Establishment of a Murine Pulp Exposure Model with a Novel Mouth-Gag for Pulpitis Research

Podsumowanie

This article presents a streamlined protocol for establishing a pulpitis model in mice using an innovative mouth-gag, followed by subsequent histological analysis.

Streszczenie

Pulpitis, a common cause of natural tooth loss, leads to necrosis and loss of bioactivity in the inflamed dental pulp. Unraveling the mechanisms underlying pulpitis and its efficient treatment is an ongoing focus of endodontic research. Therefore, understanding the inflammatory process within the dental pulp is vital for improving pulp preservation. Compared to other in vitro experiments, a murine pulpitis model offers a more authentic and genetically diverse context to observe the pathological progression of pulpitis. However, using mice, despite their cost-effectiveness and accessibility, poses difficulties due to their small size, poor coordination, and low tolerance, complicating intraoral and dental procedures. This protocol introduces a novel design and application of a mouth-gag to expose mouse pulp, facilitating more efficient intraoral procedures. The mouth-gag, comprised of a dental arch readily available to most dentists and can significantly expedite surgical preparation, even for first-time procedures. Micro-CT, hematoxylin-eosin (HE) staining, and immunofluorescence staining were used to identify changes in morphology and cell expression. The aim of this article is to help researchers establish a more reproducible and less demanding procedure for creating a pulp inflammation model using this novel mouth-gag.

Wprowadzenie

The dental pulp, an integral part of the tooth, is responsible for multiple essential functions such as nutrient supply, dentin formation, sensory function, and defense reactions¹. Nevertheless, the dental pulp, surrounded by hard tissue, is susceptible to injuries and damages from deep caries, pulpitis, trauma, or subsequent therapies^2,3. The absence of functional dental pulp increases the risk of tooth fragility⁴. Moreover, the loss of pulp vitality in young permanent teeth can adversely affect tooth maturation, and current denture techniques fail to restore the neural feedback offered by healthy pulp⁴. This situation has led researchers to explore alternative solutions for managing inflamed pulp beyond mere removal.

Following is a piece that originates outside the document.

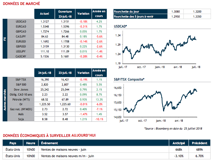 L’optimisme est palpable du côté mexicain. En effet, le président élu, Andrés Manuel Lopes, a désigné un nouveau conseiller responsable des négociations sur l’ALÉNA. Son nom est Jesus Seade et ses premières déclarations sont positives puisqu’il nous dit qu’un accord devrait être conclu au cours des prochains mois. Il se rendra, en compagnie de son ministre de l’économie, à Washington pour une rencontre avec son homologue américain, Robert Lighthizer. Les deux principaux points d’accrochage restent le pourcentage des pièces américaines dans l’industrie automobile et la clause crépusculaire (renégociations tous les 5 ans). L’administration Trump semble appuyer un accord bilatéral Mexique–États-Unis, tandis que le Mexique prône une entente trilatérale incluant le Canada. La devise mexicaine s’est légèrement appréciée depuis lundi.
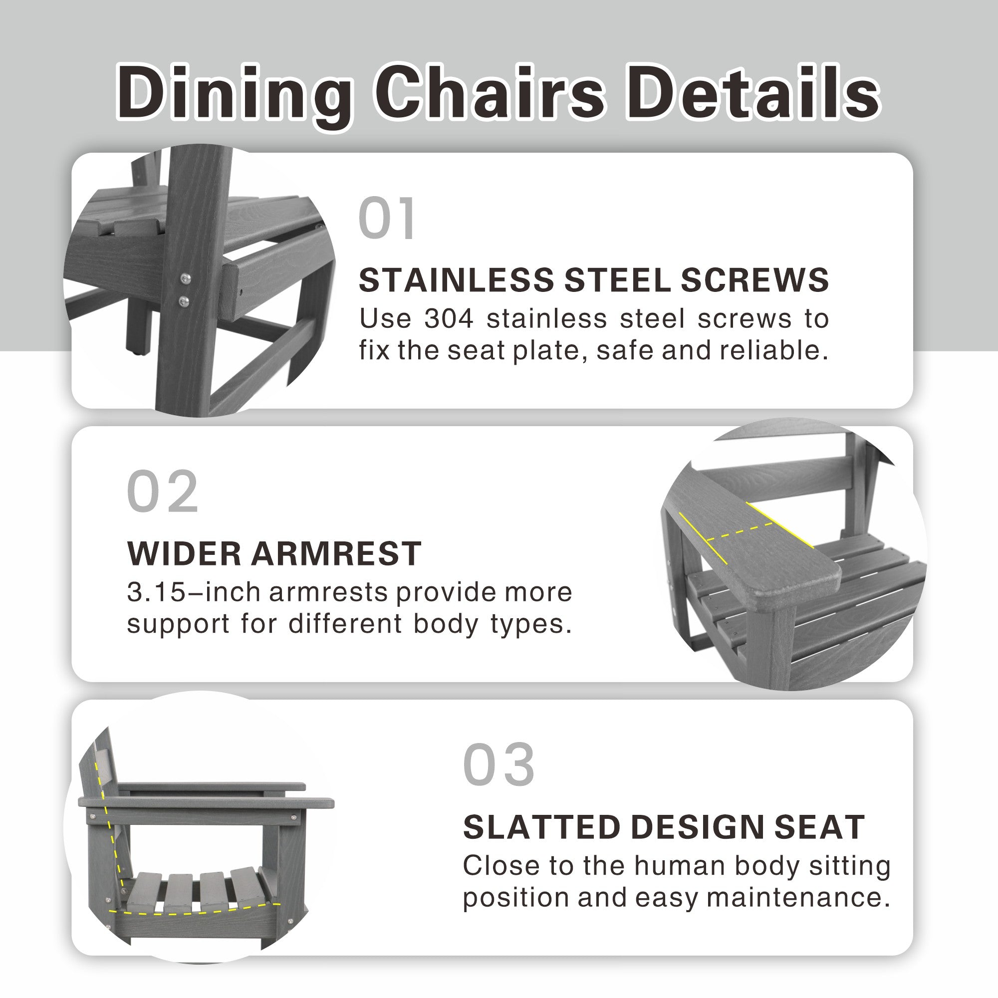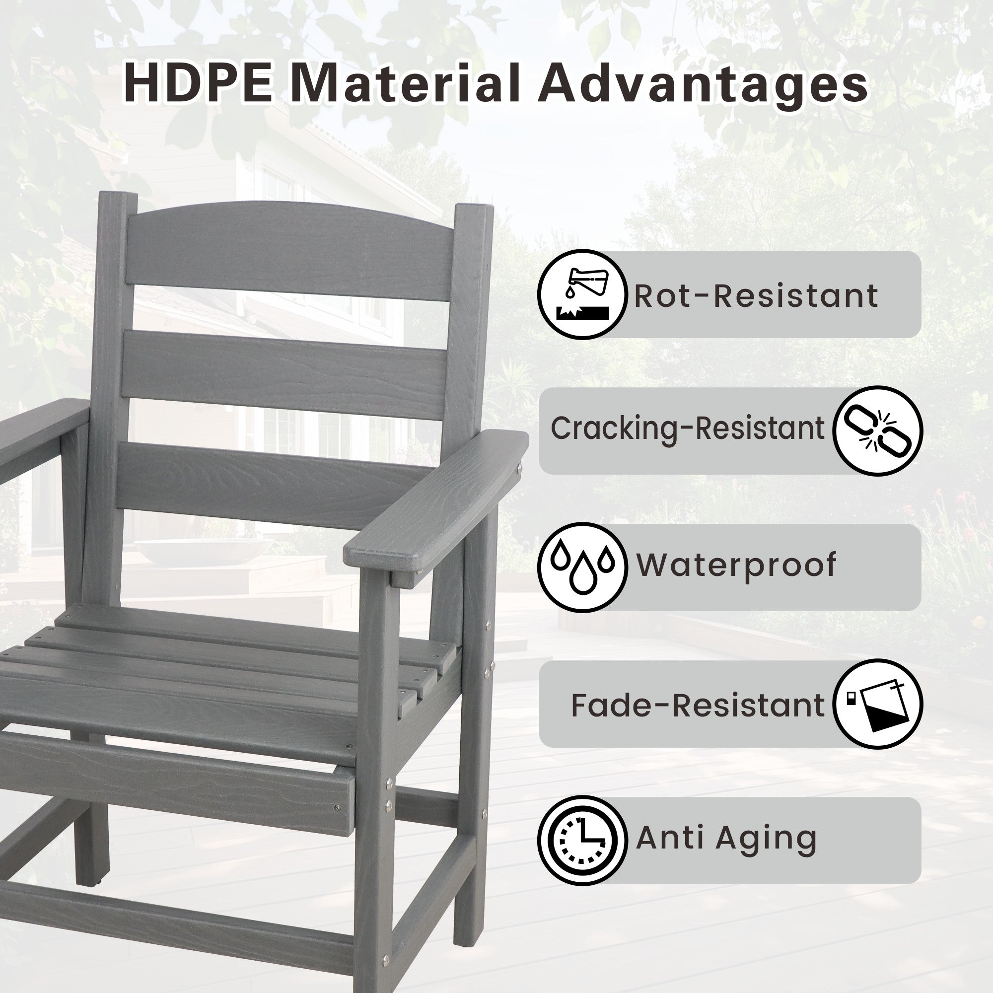 - All-Weather Durability: HDPE's inherent strength and weather-resistant properties make this 5-piece outdoor dining set impervious to the elements. From scorching sun to pouring rain, your garden, backyard, lawn, or poolside will remain elegantly furnished.

In 2007, Murray et al. initiated the application of tissue engineering in regenerative endodontics, thereby sparking increased interest in pulp preservation and regeneration⁵. However, inflamed pulp tissue poses a challenge as cells release inflammatory factors such as IL-6, which recruit inflammatory cells and results in cell necrosis, loss of pulp vitality, and complications in functional recovery^6,7. Understanding inflammation and the associated cell death is, therefore, crucial for advancements in the preservation of vital pulp. There are a number of experiments that have been conducted to explore the molecular biology of the inflame pulp in vivo or in vitro^8,9. Though in vitro experiments like 2D or 3D cell cultures have been developed for years and are becoming mature and widely used to test reactions of pulp cells to inflammatory factors, these experiments cannot reflect the interaction between pulp tissue and the systemic immune system¹⁰. If the phenomenon being studied is derived from cells of other tissue origin like immune, vascular and nervous system, then pure pulp cell culture will lead to a dead end. Therefore, in vivo experiments are very necessary and referential.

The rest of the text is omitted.